Lyndon Johnson is the pivotal figure, both heroic and deeply tragic. The Democratic Party's dirty public secret was that its political hegemony rested on the Solid South, still refusing to vote Republican out of hatred of Lincoln. Johnson knew that if he pushed through the Civil Rights Act his party would lose the South for a generation. Or more. His heroism is that he did anyway. No, he did not end the race issue, but he broke the back of segregation.

The Republicans saw their opportunity. They pursued the Southern Strategy, wooing resentful whites with great success.

But two things happened.

Racism became less and less tenable. The generation that cherished it has grown old. That pillar of the Republican Party is crumbling.

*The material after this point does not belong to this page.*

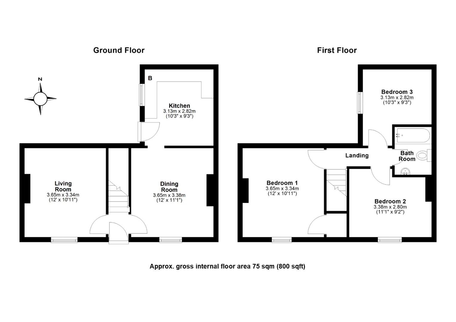 The first floor is made up of three good-sized bedroom and a family bathroom, fitted with a three-piece white suite.

And then along came Bush-Cheney. Like Herbert Hoover, in the process of leading the country to bankruptcy they demonstrated that the Republican Party's ideas were also bankrupt. They made government bigger, not smaller -- and more intrusive, too. They didn't oppose special interests, they were the special interests. They didn't oppose lobbyists, they forced lobbyists to join their party at fiscal gunpoint. They were militaristic on parade, but could not run a war. They could not protect the country nor punish the people who actually attacked us. Their policies demonstrated that free markets are a fiction, and real markets need more supervision than a grade-school playground.

Along came John McCain. He looked out, from sea to shining sea, from the mountains, to the prairies, in search of voters who would vote for him. All he could find were the new Know Nothings. People who, frightened of the way things are changing, want to change back to that white, Protestant place it was, oh, sometime back before 1840. America Firsters. Anti-immigrant. Anti-foreigner. Anti-elite. Anti-intelligence.

Not quite capable of running as a true Know Nothing himself, he chose someone who could: Sarah Palin. She does it well, and in so doing, shows us, clearly and simply, who they really are.